Копирбай снял кебисы — кожаные калоши с задниками, окованными медными пластинками, — потопал своими хромовыми сапожками, будто радуясь их легкости. Бросил кебисы Мавжиду и заговорил о справке — нынче, дескать, справка заменяет тумар.
Нурмолды вырвал из тетради листок и написал по-русски и по-казахски, по образцу своего удостоверения: «Податель сего Копирбай Макажанов направляется по месту нового жительства. Рекомендуется оказывать содействие всем лицам. Уполномоченный по ликбезу Бегеевской области товарищ Нурмолды Утегенов».
Басил, благодаря, старикашка, кланялся. Он уехал счастливый.
Казалось, Мавжид уже не видел, не слышал, он покачивался, хихикал. Нурмолды натянул кебисы на его ноги, черные, разбитые, и тут терьякеш стал совать ему трубку: кури!
Треснутая фарфоровая чашечка со спекшейся массой. Мундштуком служила прокаленная камышинка.
От колодца подходил Рахим, веселый, с разгоревшимся лицом, с красными от колодезной воды руками.
Нурмолды посадил терьякеша впереди себя на седельную подушку. Держал между рук его легкое мальчишеское тело.

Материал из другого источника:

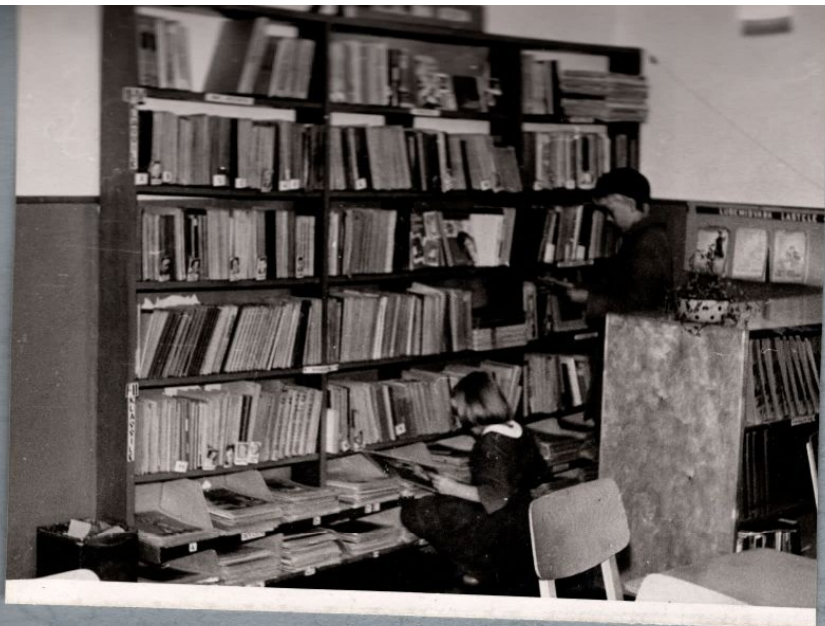
Oma käega valin ise endale meeldiva raamatu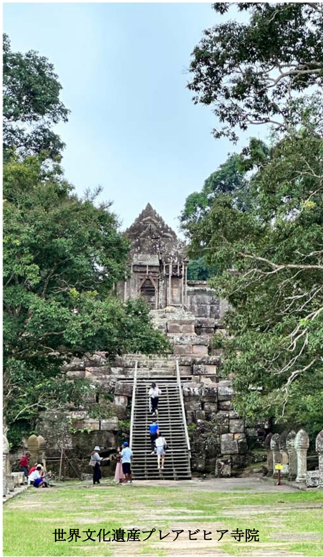
世界文化遺産プレアビヒア寺院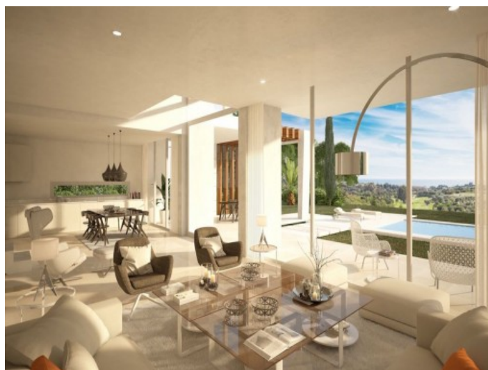
Vista alternativa de la sala de estar con vistas a la piscina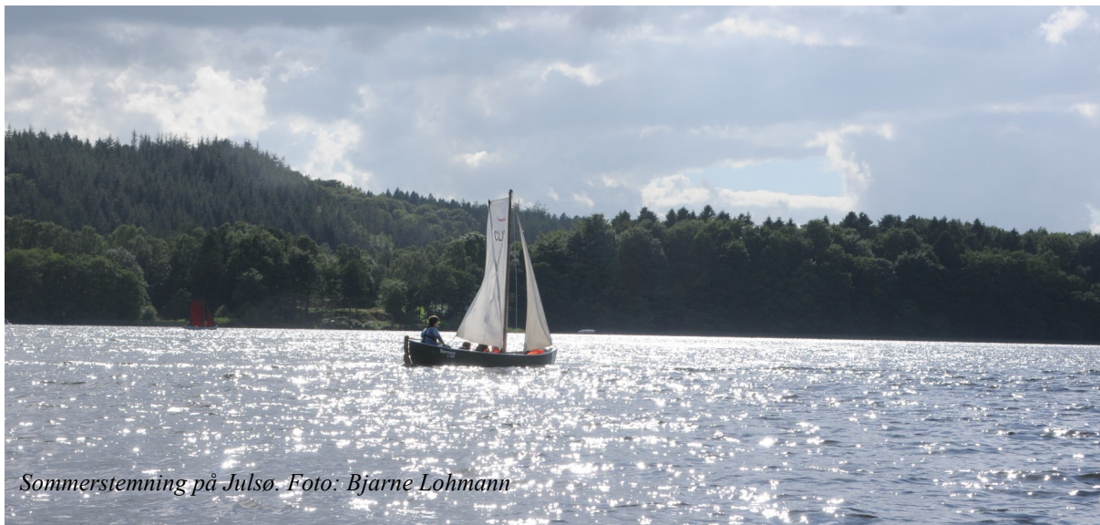
Sommerstemning på Julsø.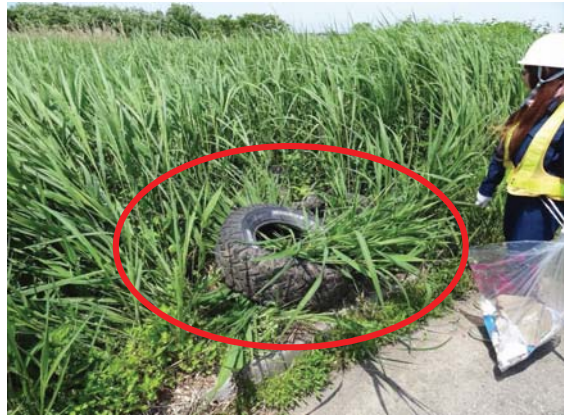
不法投棄された大型RV車用のタイヤ (五所川原市河川公園北斗グラウンド) 他にも6本あったそうです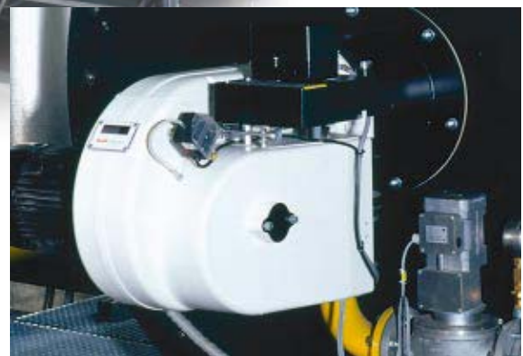
Bruciatore a gas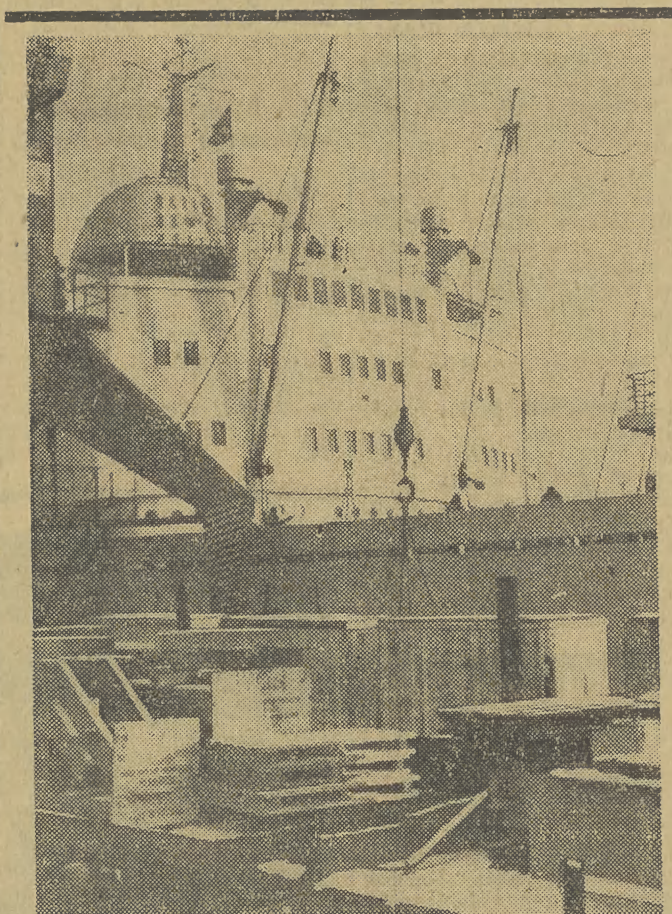
KRAKÓW. Równocześnie z Fabryki Maszyn Odlewniczych w Krakowie skierowano do Czechosłowacji transport maszyn i urządzeń. Wykorzystane zostaną one w procesie mechanizacji budowlanych w tym kraju odlewni w Tyniście i Libercu. Załoga Zakładów Budowy Maszyn i Aparatury im. Szczęśliwego w Krakowie przekazała stocznicom sprężarki amoniakalne, która zamontowana zostanie na statku-bazie rybackiej, przeznaczonej dla Związku Radzieckiego. Dwie inne sprężarki wysłano do Rybnika, gdzie miejscowa załoga Fabryki Maszyn wykorzysta je do budowy urządzeń przeznaczonych dla wznoszonej w Indiach kopalni.

ANDRZYCHÓW. W ostatnią fazę rozruchową weszły z nowym rokiem prace przy uruchomieniu nowej, wielkiej wykańczalni w Andrychow-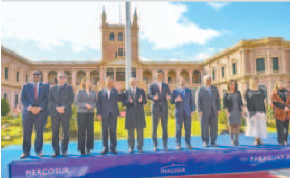
Jefes de Estado de los países del Mercosur reunidos en la LXIV Cumbre, en Paraguay.

Очнувшись и обнаружив, что Нурмолды выбросил его трубочку, Мавжид стал вырываться, свалился с коня, отбежал, а когда Нурмолды попытался его посадить на коня, плевался, опять убегал и бросался камнями. Усмирил его Рахим — сплеча, жестоко хлестнул камчой.

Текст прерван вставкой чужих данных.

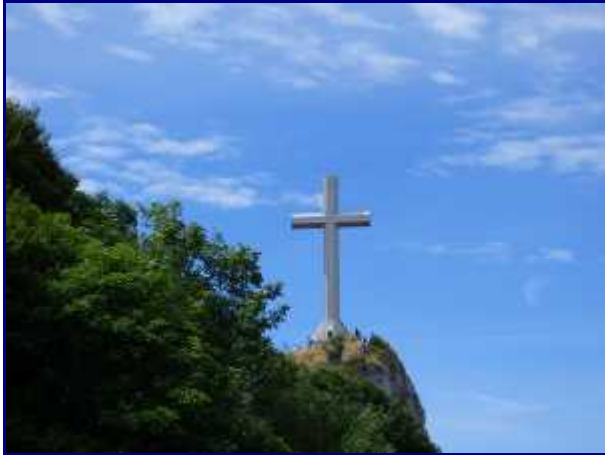
10 minutes avant la croix, point de vue en retrait du chemin.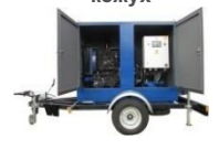
Мобильный вариант (на прицепе, на лыжах - полозьях)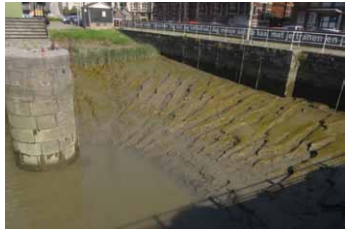
De geulen in het slik en het begroeid schor van het getijdendokje (Marguerie Schuilhaven)

Meld je aan op: info@natuurpuntantwerpenstad.be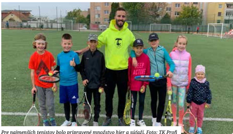
Pre najmenších tenistov bolo pripravené množstvo hier a súťaží.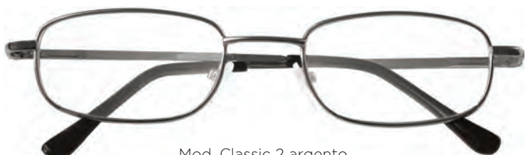
Mod. Classic 2 argento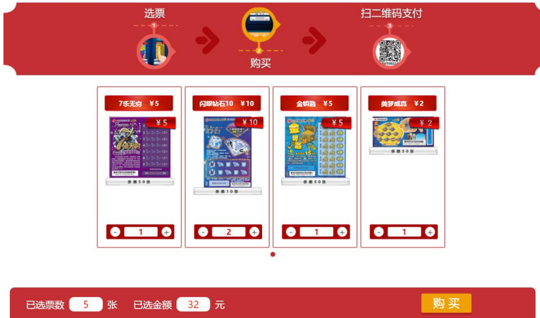
图 2.1.3.1-1 选号页面

6) 点击任一票种图样，应弹出该票种的“票面须知”，如图 2.1.3.1-2 所示。

Нурмолды, вернувшись — он ходил собирать топливо, — не нашел Мавжида на стоянке. Разбудил Рахима, тот заявил, что и не подумает искать терьякеша: человек ушел по своей воле.
— Сегодня ты намерен обратить волость в новую веру, завтра покончить с исламом, послезавтра провести здесь, — Рахим хлопнул по кошме, — железную дорогу. Моя программа еще значительней твоей. Аллах послал меня объявить: все тюркские народы должны объединиться в Туранское государство. Куда терьякешу с нами? Дым сильнее его.
Нурмолды оседлал саврасого. До потемок кружил по окрестностям. На второй день поисков Нурмолды спешивался лишь затем, чтобы напоить коня, сгрызть горсть шариков курта, которого осталось полмешочка.
— Нурмолды, аулы уходят быстро. Поспешим им вдогонку.
— Как его бросишь? Здесь до весны мы последние путники. Разве что волки пробегут.
— Аллах покровительствует юродивым, больным, обреченным.
— Аллаха нет, Рахим-ага… Демьянцев говорит: остается спрашивать с себя.
— Пусть он хоть трижды большевик, разве он может дать человеку здоровье? Сделать из ленивого труженика? Из пьяницы — трезвенника?
— Надо начинать кому-то переделывать человека, Рахим-ага.
— Опять речи Демьянцева… Зачем переделывать? Терьякеша бросил родной брат — ты его подобрал. Терьякеш сам ушел от нас. Ты же гоняешься за ним, кричишь: я возьму тебя в будущее! Я заставлю тебя забыть терьяк! Научу ремонтировать паровозы! Мы построим вам Турксиб — и строят, не спрашивают. Они знают, что с подвижностью населения слабнет любовь к родным местам! С нас берут налог на строительство башни до неба! Нас загоняют в совхозы, запрещают кочевать и твердят: мы заставим вас быть счастливыми. Пора, пора вернуться к временам, когда писали в фетвах: «Если неверные стараются подняться выше, чем мусульманин, и достигнуть тем или иным путем превосходства, они должны быть убиваемы».
3
Табыны — казахский род, кочевал в Приаралье.